Sob esse aspecto, a campanha de Serra está mais acertada. É um candidato mentiroso, falso, baixo — mas ele faz o discurso que deve ser feito.

Dilma não está fazendo isso. Sua campanha está errada. Se fizeram um primeiro programa eleitoral que para mim — que já vi e fiz mais programas eleitorais que a imensa maioria dos mortais — é o melhor da história, de repente eles resolveram, em pleno segundo turno, privilegiar a informação e a comparação de governos, investindo em um discurso excessivamente racional. Esses são dados que devem sempre estar presentes, claro, mas a esta altura é preciso mais que isso. Não é mais questão de levantar razões para votar ou não na Dilma. Depois de dois meses de campanha na TV e no rádio, as pessoas já sabem o que o governo Lula fez e que Dilma é a candidata de Lula. O que se discute agora é quem é o melhor para sucedê-lo; e essa não será uma escolha feita de modo racional. Comparar governos talvez não seja a estratégia mais eficaz. Ou investir num conceito como o Serra Mil Caras — que sinceramente me parece inócuo.

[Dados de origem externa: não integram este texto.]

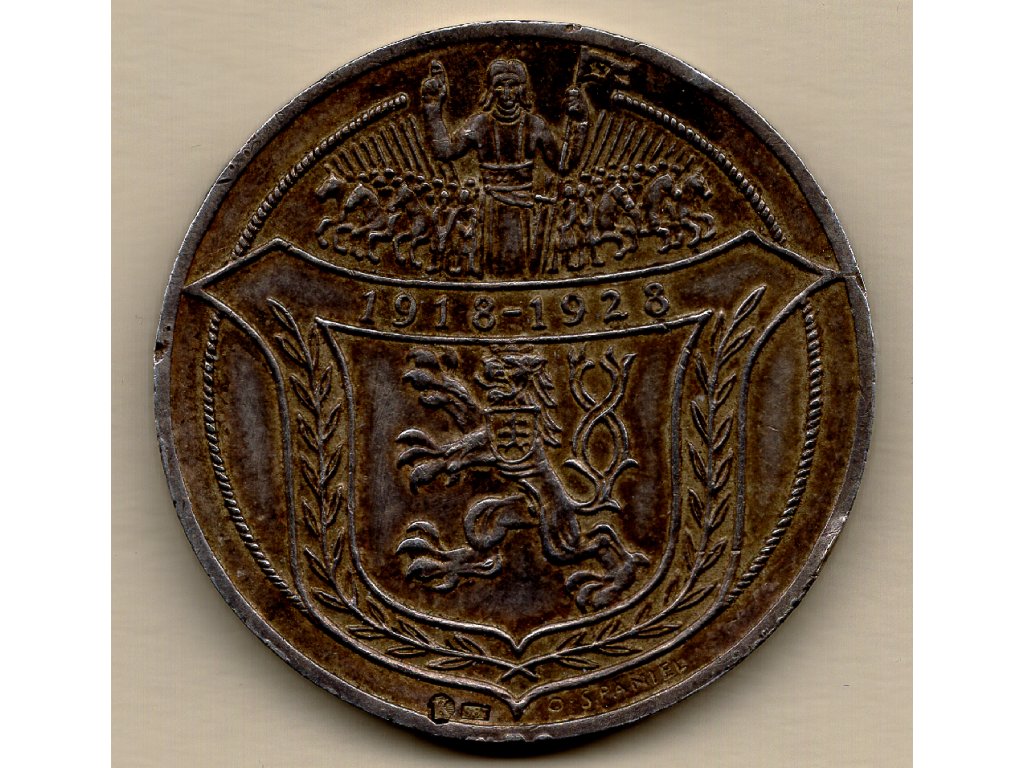 První československá republika se v roce 1928 nacházela v období kulturního i hospodářského rozmachu. První desetiletí samostatného státu bylo spojeno s budováním infrastruktury, posilováním národní identity a podporou domácí výroby. Medaile „Jsem ražen z českého kovu“ tento duch přesně vystihuje – zdůrazňuje schopnost republiky opírat se o vlastní průmysl, hutnictví i uměleckou tvorbu.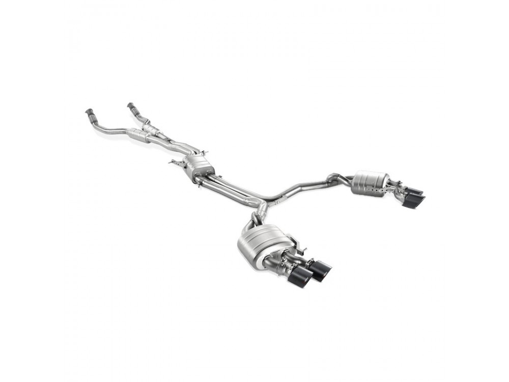 Es besteht vollständig aus einer von Akrapovič patentierten Titanlegierung, die eine erhebliche Gewichtsreduzierung ermöglicht. Das System endet mit karbonfaserverstärkten Endrohren. Für die Montage dieses Auspuffs sind keine Modifikationen erforderlich, er ist perfekt auf das Fahrzeug abgestimmt. Die Endschalldämpfer sind mit Klappen ausgestattet, die eine Regelung des Sounds über das Bordcomputer-System ermöglichen. Alle Auspuffanlagen von Akrapovič stehen für höchste Qualität der verwendeten Materialien und Verarbeitung.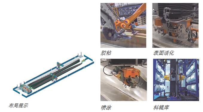 自动施胶:施胶部位包括主梁、腹板和法兰边等,施胶能力为35kg/分钟。35米叶片约15分钟完成施胶,70米叶片约30完成施胶。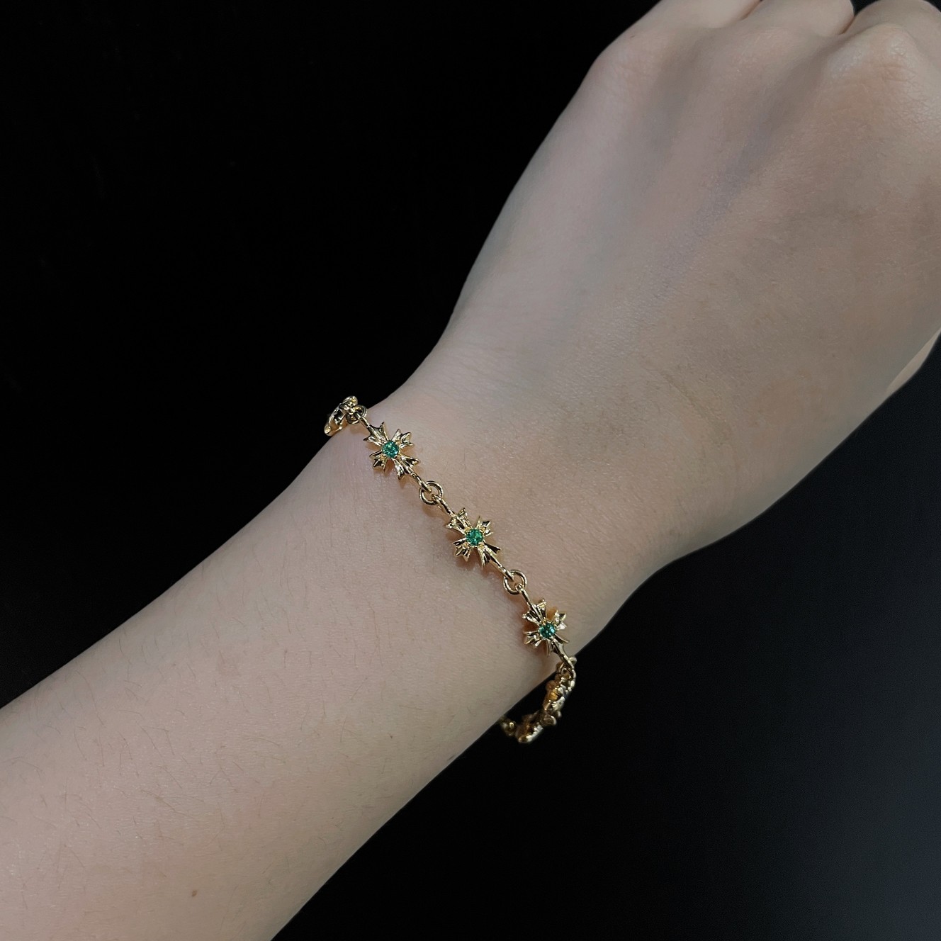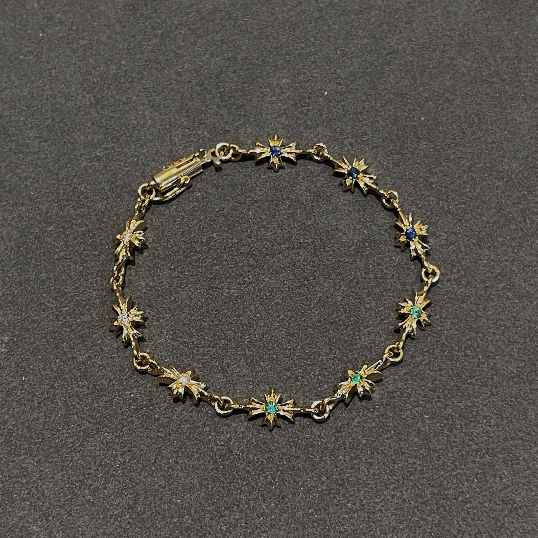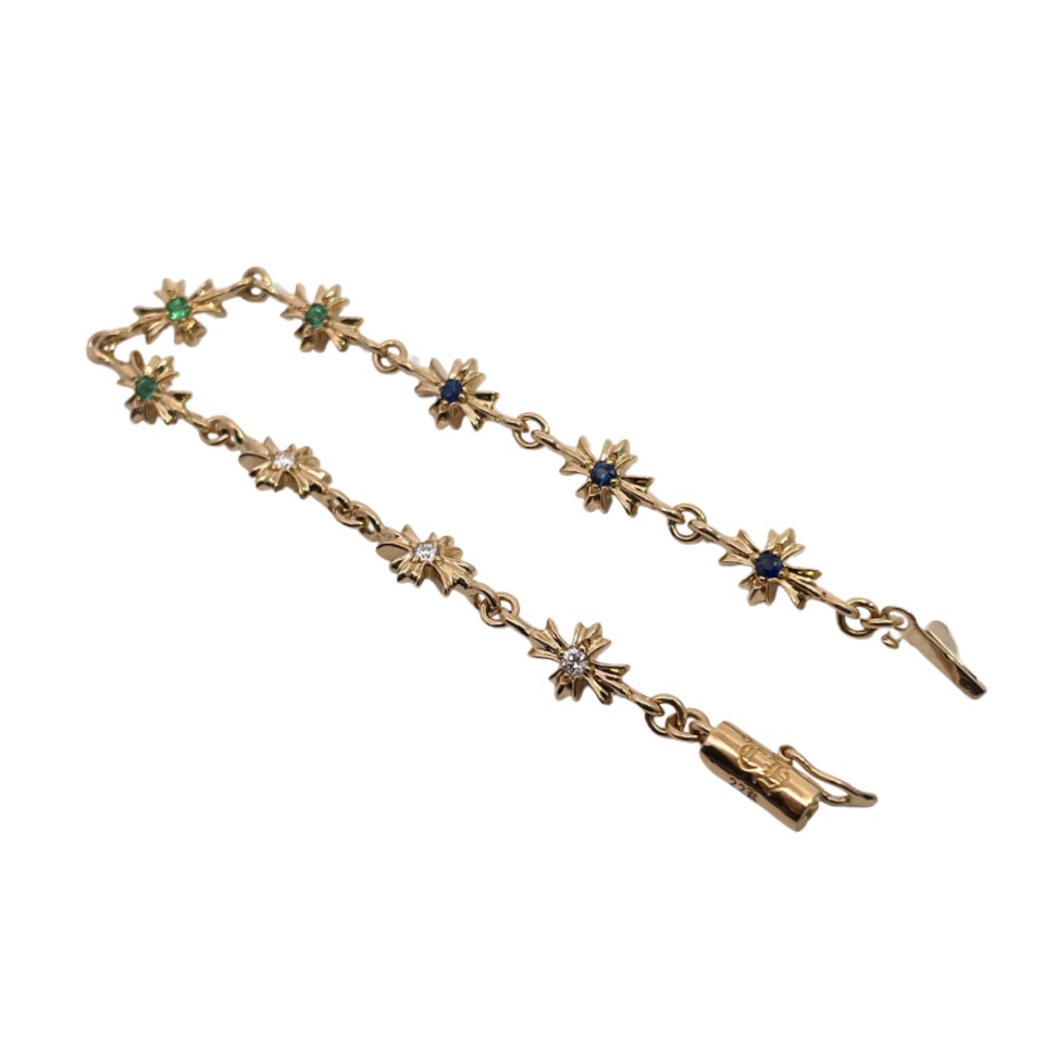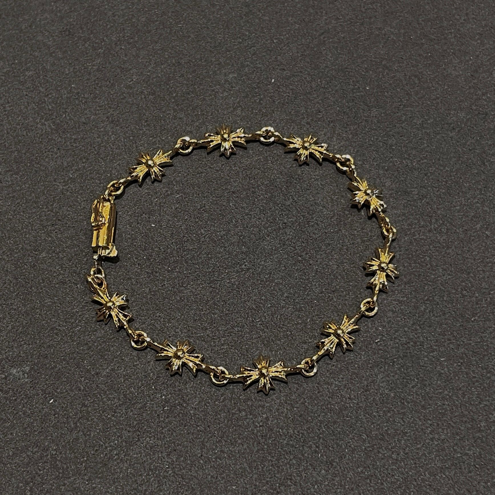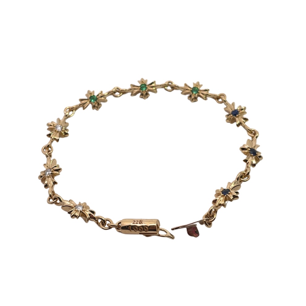 克罗心 镀22k金镶石十字手链 纯银材质 复古做旧 手工镶嵌 十字花元素 彩钻 时尚搭配 size:16.18.20cm 编码:300450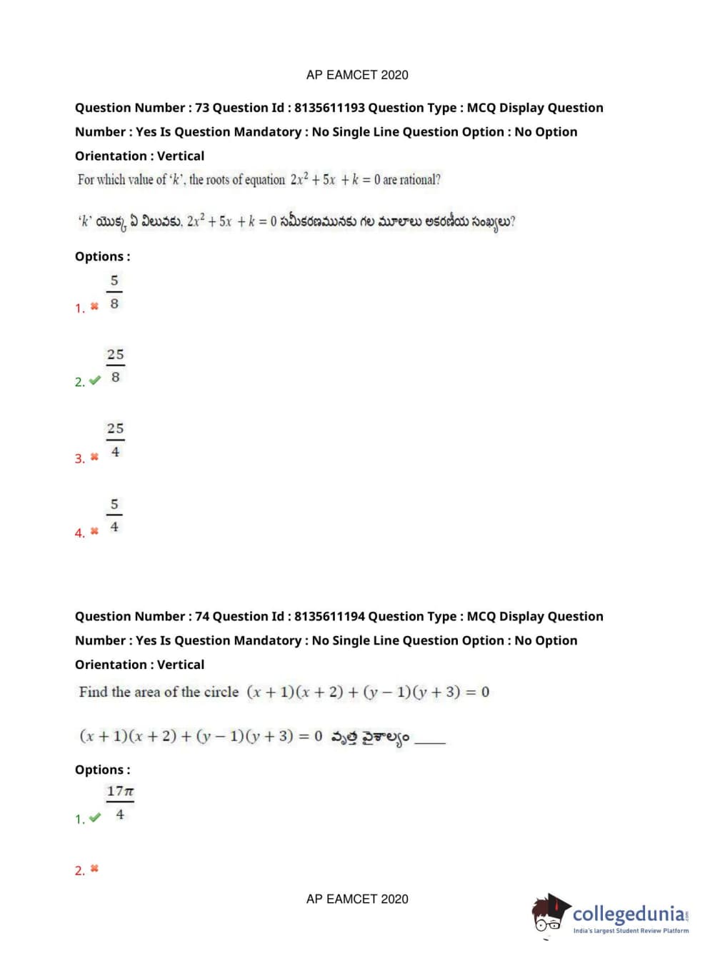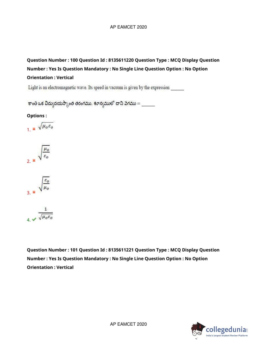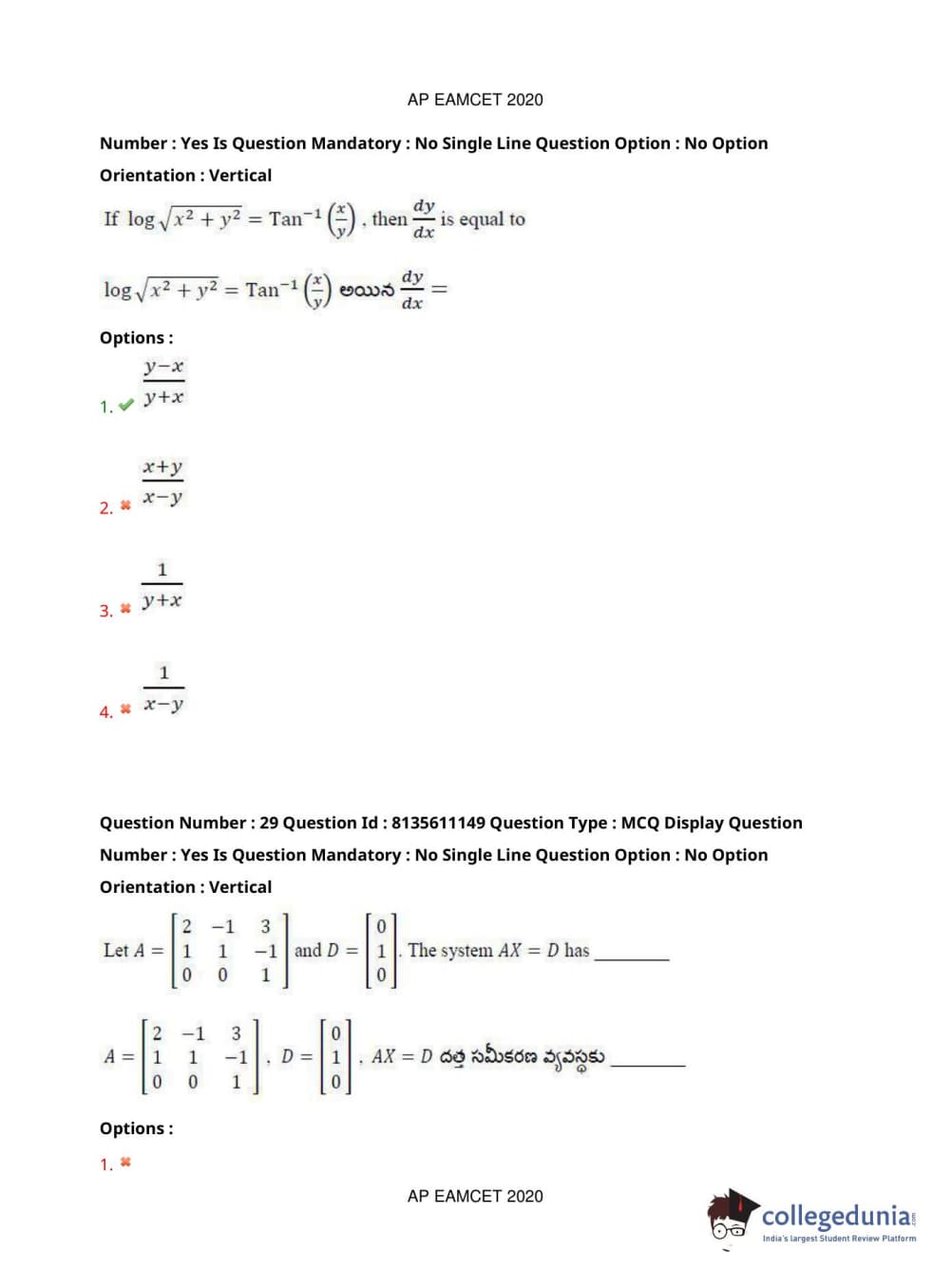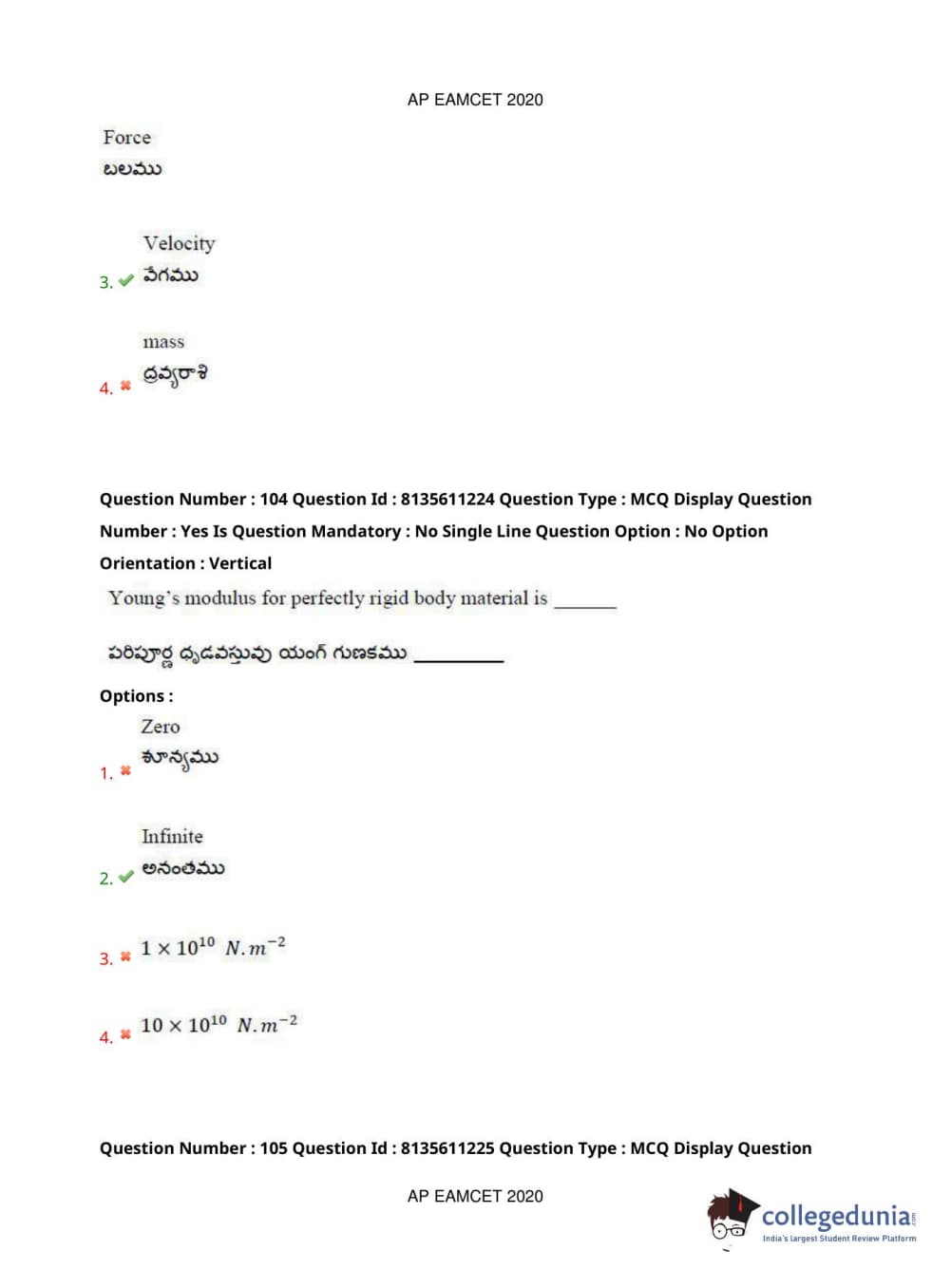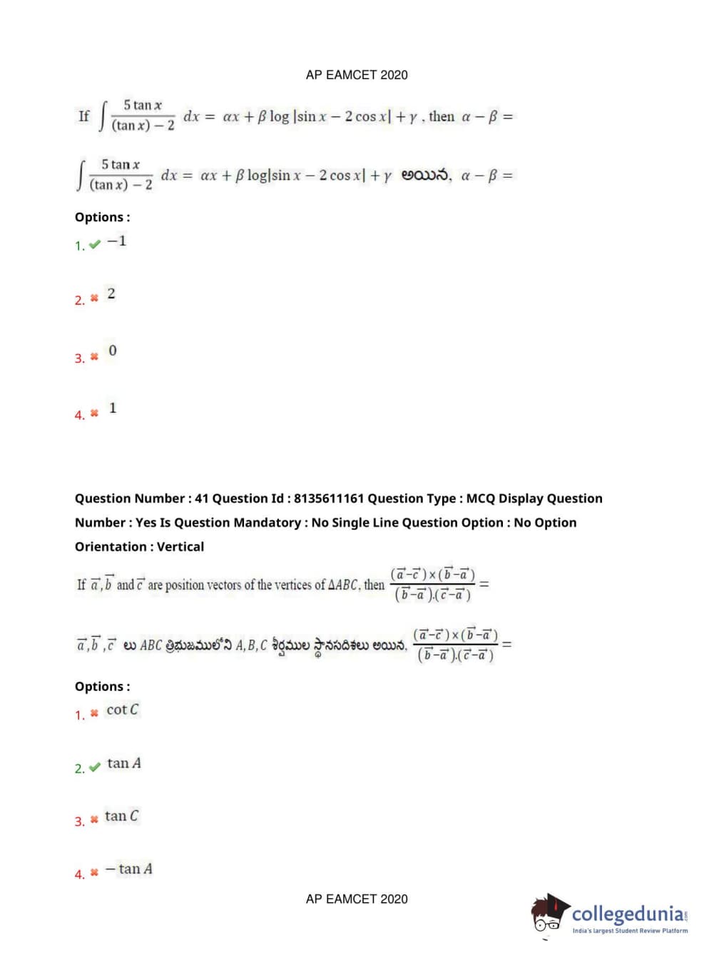 AP EAPCET 2020 Engineering Question Paper with Answer Key PDFs Afternoon Session

O que Dilma deve recuperar é a emoção que esteve presente, de maneira magistral e insuperável, no primeiro programa. É a presença de Lula ao seu lado, lhe emprestando o carisma que ela, definitivamente, não tem. E a mensagem deve ser de paz e amor — a mensagem que Lulinha, ainda longe de ser o herói nacional que é hoje, passou em 2002. Dilma deve mostrar que é a garantia de que as pessoas vão continuar cada vez mais felizes, porque comem, porque vão à universidade, porque podem trabalhar, porque vão saber que Lula, através dela, continua olhando por eles.

Não é só a economia, estúpido. É também a emoção.

Enquanto isso, a militância poderia fazer algo que o NPTO está fazendo.

Se o primeiro turno deixou alguma lição, foi a de que as notícias sobre a morte da mídia foram muito exageradas. Foi a sua atuação que conseguiu valorizar Marina Silva (que merece um post e um mea culpa meus) e forçar um segundo turno que parecia remoto quinze dias antes. Não será no Twitter, no Facebook ou nos blogs que a eleição será ganha. É na rua. Se cada eleitor de Dilma se dedicar a conseguir pelo menos um voto nesses quinze dias que restam, nós ganhamos fácil a eleição.

Enquanto isso, para o Helio Jesuíno que veio cobrar post aqui, eu repito o que disse antes: minha guerra ganhei no primeiro turno. E agora com licença que eu vou ali escrever um panfleto para Déda e Dilma, que vai ser lido, ou pelo menos visto, por muito mais gente que os leitores deste blog, que obviamente volta à hibernação.